*Data excerpt*
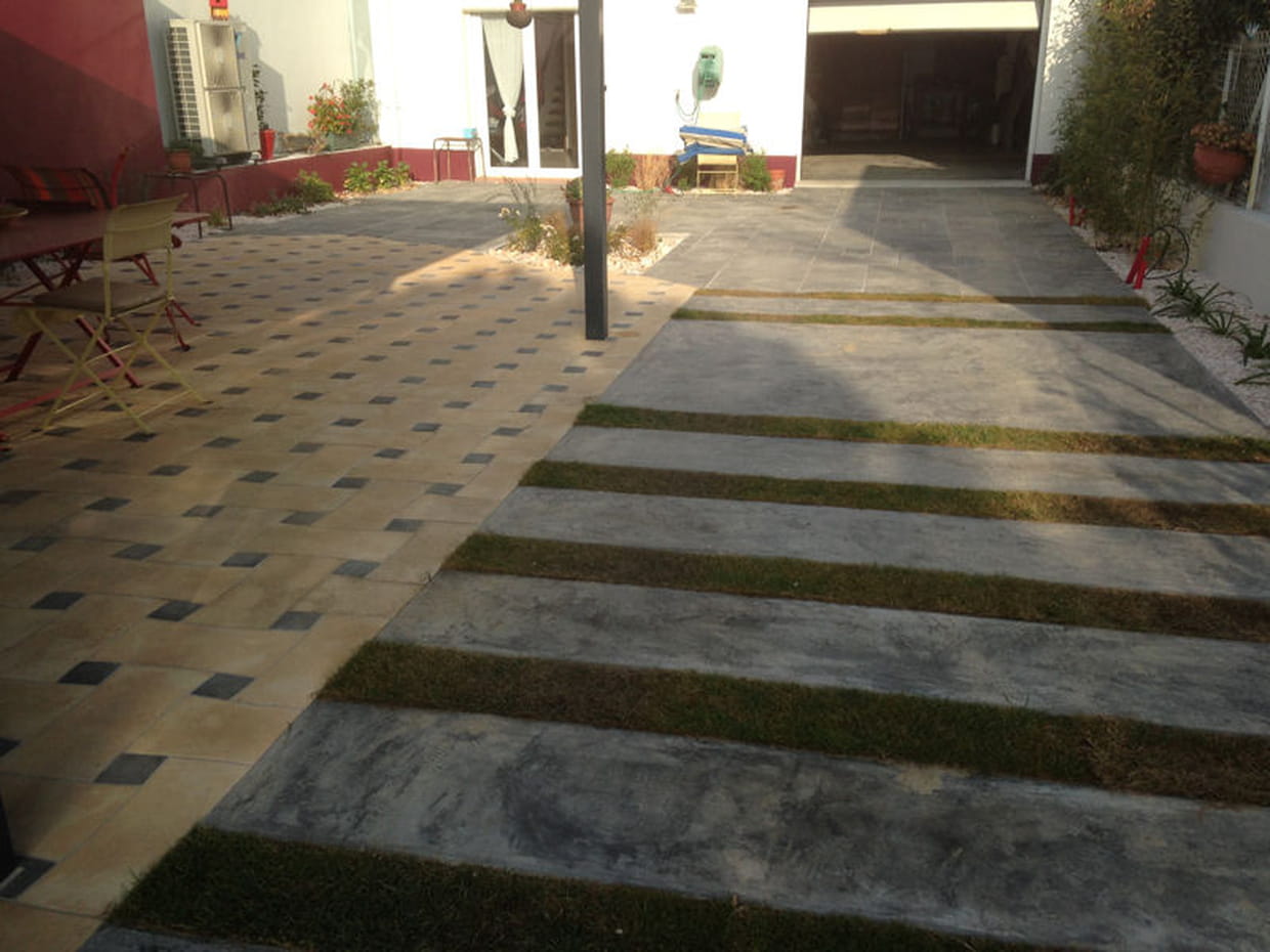Les propriétaires de cette maison aux murs de crépi blanc avaient en tête une terrasse leur permettant de profiter d'un barbecue mais également de la chaleur estivale tout en conservant l'accès à leur garage. Le concepteur-paysagiste Stéphane Archimbaud (Arcambal paysage) a relevé le défi et a transformé cette avancée non délimitée en une charmante terrasse.
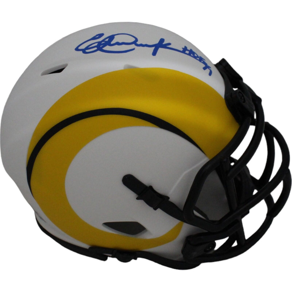 The number in the listing title is just an inventory sku for our records and is not the authentication number. The item pictured is a stock photo unless otherwise noted. This is a Los Angeles Rams Lunar Mini Helmet that was personally autographed by Eric Dickerson with "HOF" inscription. Includes a certificate of authenticity from Beckett Authentication Services (BAS) and Denver Autographs.FREE SHIPPING within the USA on orders over $10!
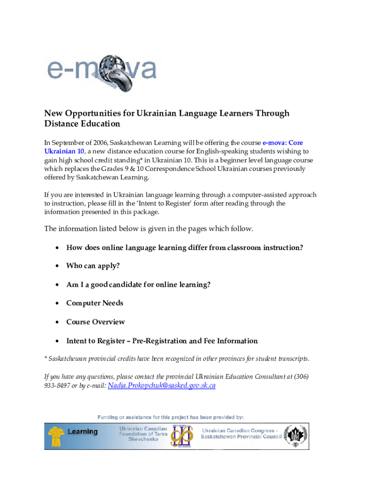 New Opportunities for Ukrainian Language Learners Through Distance Education In September 2006, Saskatchewan Learning will be offering the course em ova: Core Ukrainian 10, a new distance education

*Exercise brief*
Set down the material exactly, every line of it, except for the pictures.

*Answer section*
Les propriétaires de cette maison aux murs de crépi blanc avaient en tête une terrasse leur permettant de profiter d'un barbecue mais également de la chaleur estivale tout en conservant l'accès à leur garage. Le concepteur-paysagiste Stéphane Archimbaud (Arcambal paysage) a relevé le défi et a transformé cette avancée non délimitée en une charmante terrasse.
 The number in the listing title is just an inventory sku for our records and is not the authentication number. The item pictured is a stock photo unless otherwise noted. This is a Los Angeles Rams Lunar Mini Helmet that was personally autographed by Eric Dickerson with "HOF" inscription. Includes a certificate of authenticity from Beckett Authentication Services (BAS) and Denver Autographs.FREE SHIPPING within the USA on orders over $10!
 New Opportunities for Ukrainian Language Learners Through Distance Education In September 2006, Saskatchewan Learning will be offering the course em ova: Core Ukrainian 10, a new distance education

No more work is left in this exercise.